Exercise: Extract every record, exactly as written, and ignore the pictures.
◆ ◆ ◆ ◆ ◆
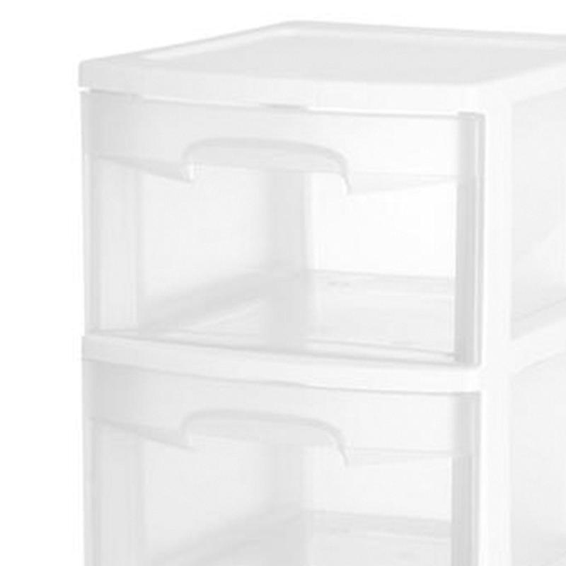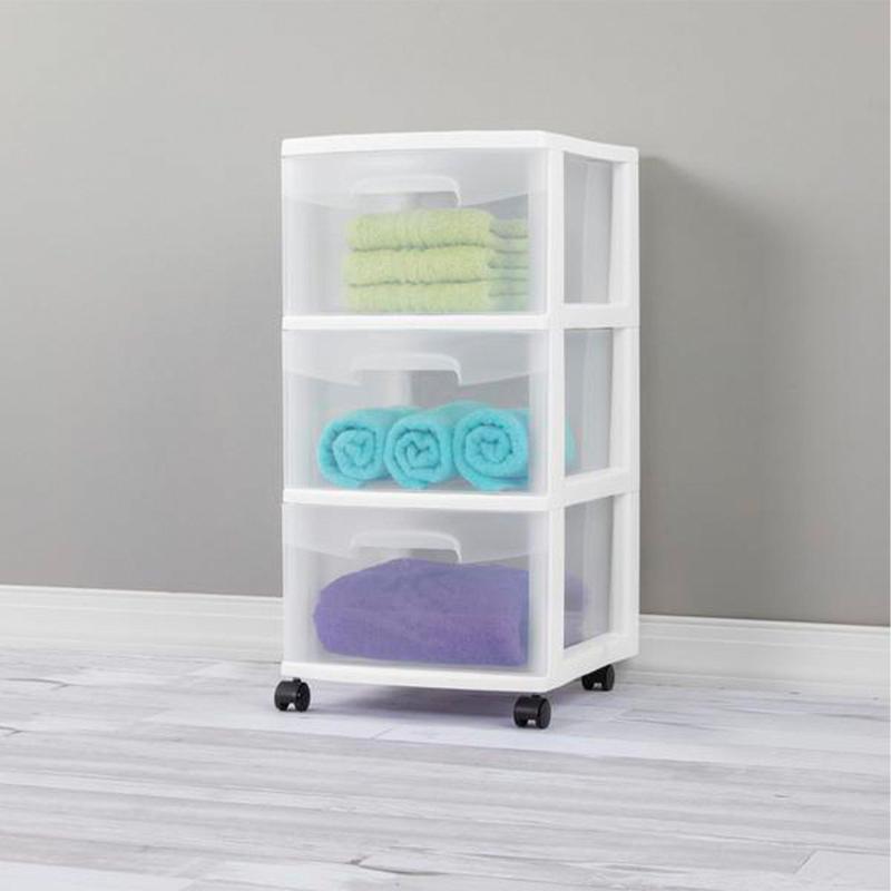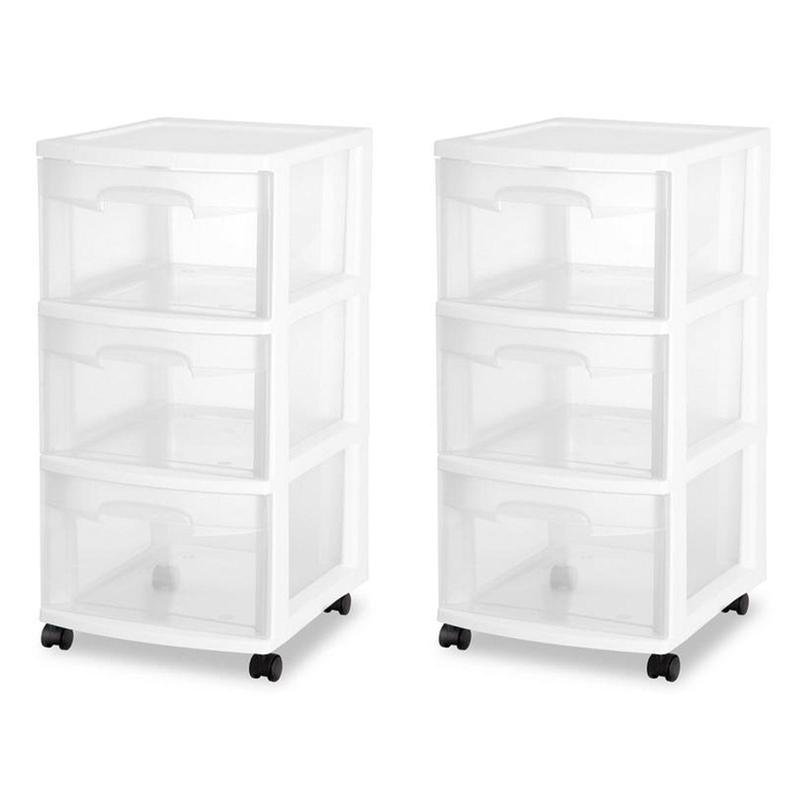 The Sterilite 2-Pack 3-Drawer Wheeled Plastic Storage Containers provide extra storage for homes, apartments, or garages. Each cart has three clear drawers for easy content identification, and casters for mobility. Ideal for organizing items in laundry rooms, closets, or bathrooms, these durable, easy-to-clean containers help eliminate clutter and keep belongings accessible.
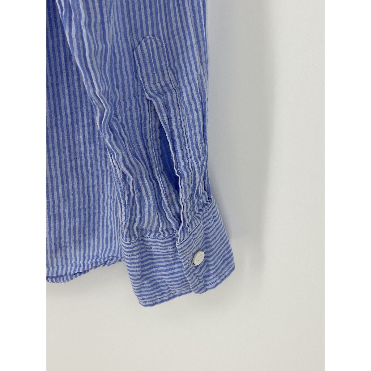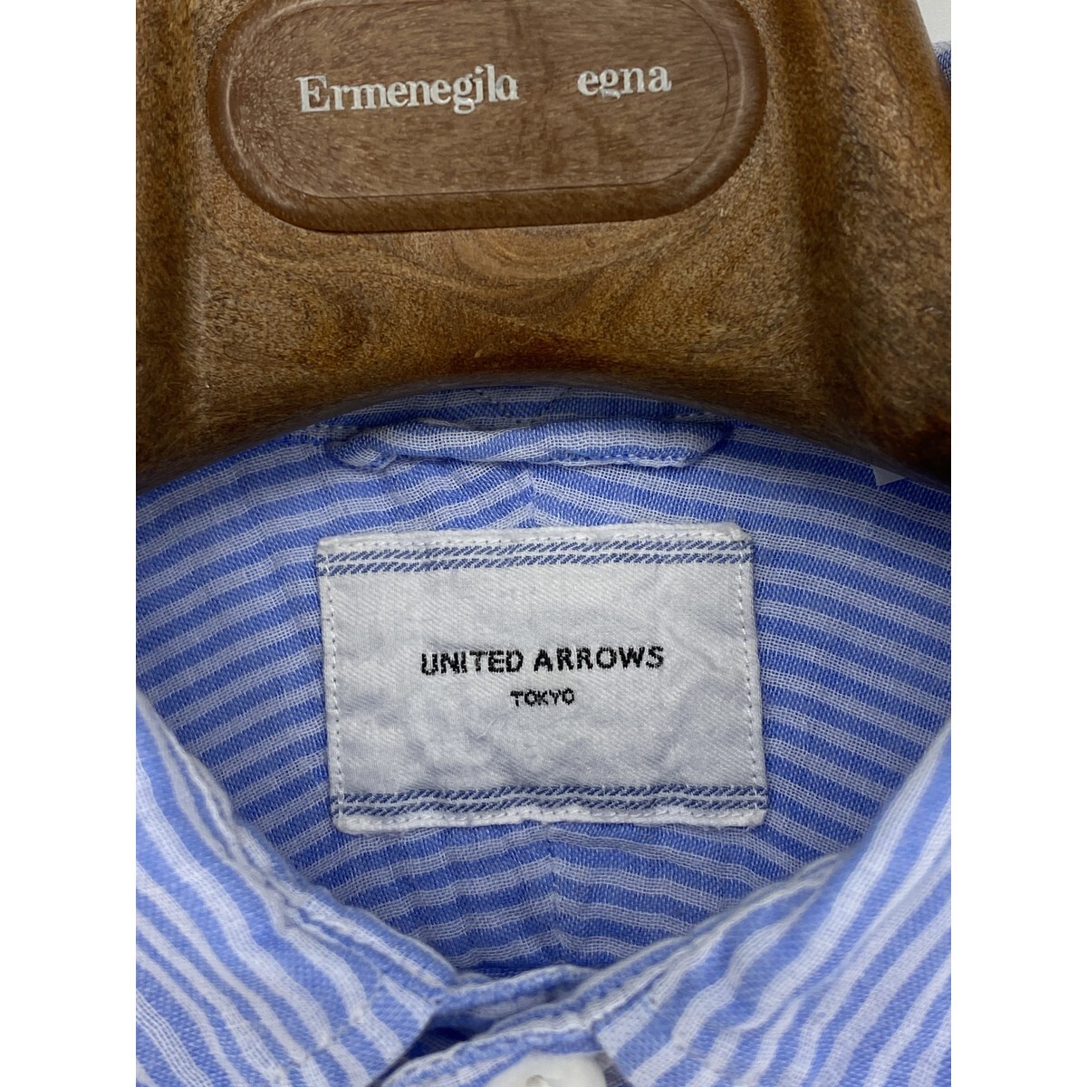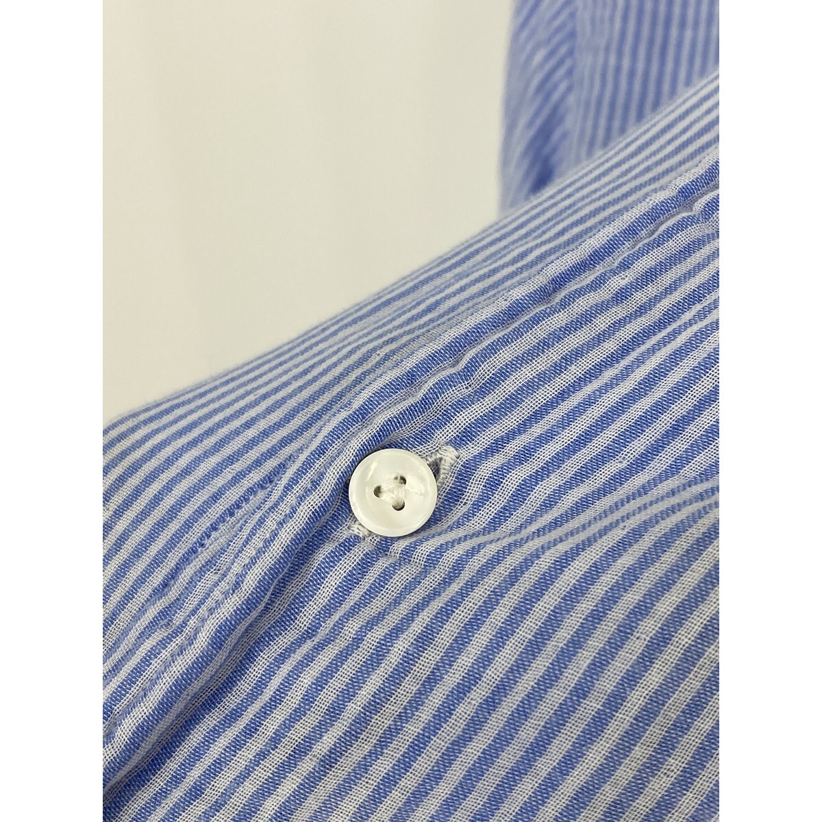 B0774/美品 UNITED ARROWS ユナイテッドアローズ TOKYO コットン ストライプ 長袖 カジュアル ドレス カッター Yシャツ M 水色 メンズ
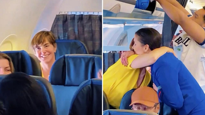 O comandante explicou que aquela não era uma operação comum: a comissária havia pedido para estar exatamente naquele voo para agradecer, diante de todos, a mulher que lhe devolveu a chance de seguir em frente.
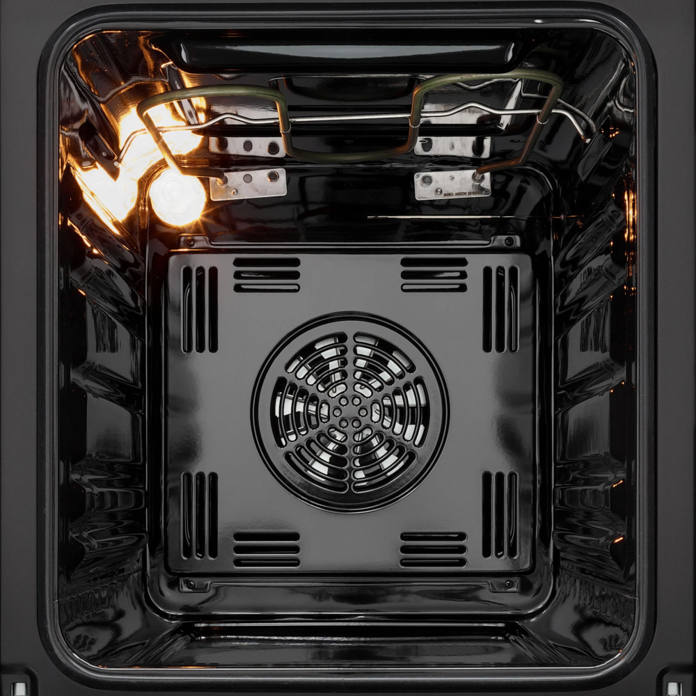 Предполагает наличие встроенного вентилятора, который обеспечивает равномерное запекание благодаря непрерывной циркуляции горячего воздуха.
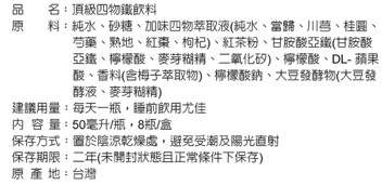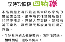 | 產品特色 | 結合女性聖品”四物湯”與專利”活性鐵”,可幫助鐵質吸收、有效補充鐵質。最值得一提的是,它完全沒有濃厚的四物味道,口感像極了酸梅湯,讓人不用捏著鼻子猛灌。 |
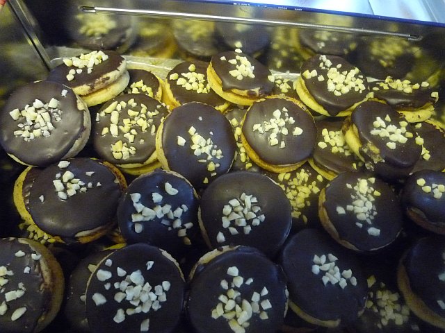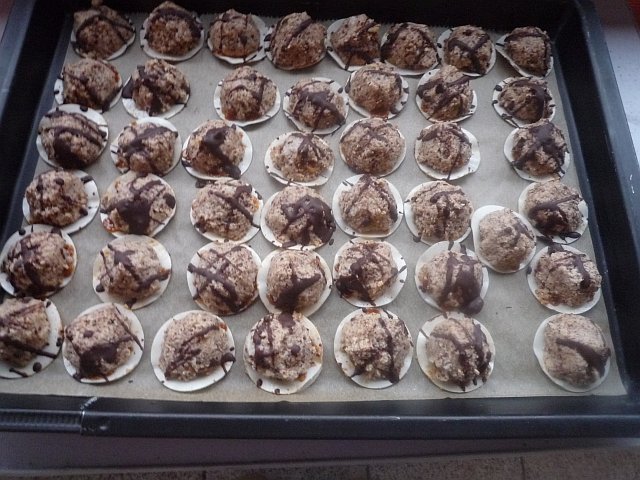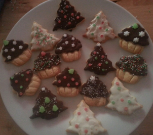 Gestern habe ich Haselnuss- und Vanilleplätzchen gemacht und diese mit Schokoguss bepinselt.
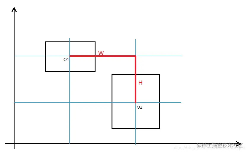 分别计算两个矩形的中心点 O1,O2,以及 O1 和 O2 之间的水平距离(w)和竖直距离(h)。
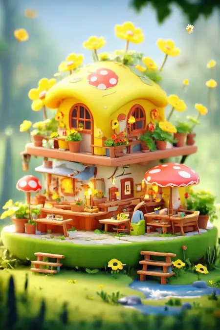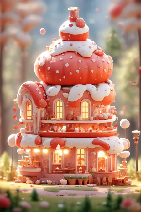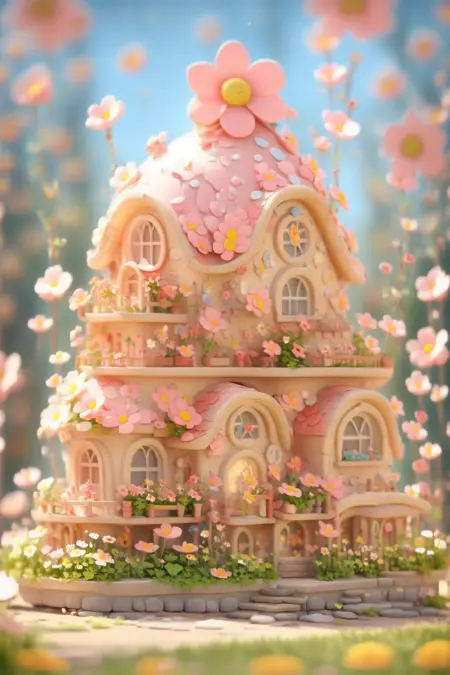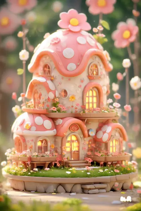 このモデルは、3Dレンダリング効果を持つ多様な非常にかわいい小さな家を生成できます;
◆ ◆ ◆ ◆ ◆
Result of the task:
 The Sterilite 2-Pack 3-Drawer Wheeled Plastic Storage Containers provide extra storage for homes, apartments, or garages. Each cart has three clear drawers for easy content identification, and casters for mobility. Ideal for organizing items in laundry rooms, closets, or bathrooms, these durable, easy-to-clean containers help eliminate clutter and keep belongings accessible.
 B0774/美品 UNITED ARROWS ユナイテッドアローズ TOKYO コットン ストライプ 長袖 カジュアル ドレス カッター Yシャツ M 水色 メンズ
 O comandante explicou que aquela não era uma operação comum: a comissária havia pedido para estar exatamente naquele voo para agradecer, diante de todos, a mulher que lhe devolveu a chance de seguir em frente.
 Предполагает наличие встроенного вентилятора, который обеспечивает равномерное запекание благодаря непрерывной циркуляции горячего воздуха.
 | 產品特色 | 結合女性聖品”四物湯”與專利”活性鐵”,可幫助鐵質吸收、有效補充鐵質。最值得一提的是,它完全沒有濃厚的四物味道,口感像極了酸梅湯,讓人不用捏著鼻子猛灌。 |
 Gestern habe ich Haselnuss- und Vanilleplätzchen gemacht und diese mit Schokoguss bepinselt.
 分别计算两个矩形的中心点 O1,O2,以及 O1 和 O2 之间的水平距离(w)和竖直距离(h)。
 このモデルは、3Dレンダリング効果を持つ多様な非常にかわいい小さな家を生成できます;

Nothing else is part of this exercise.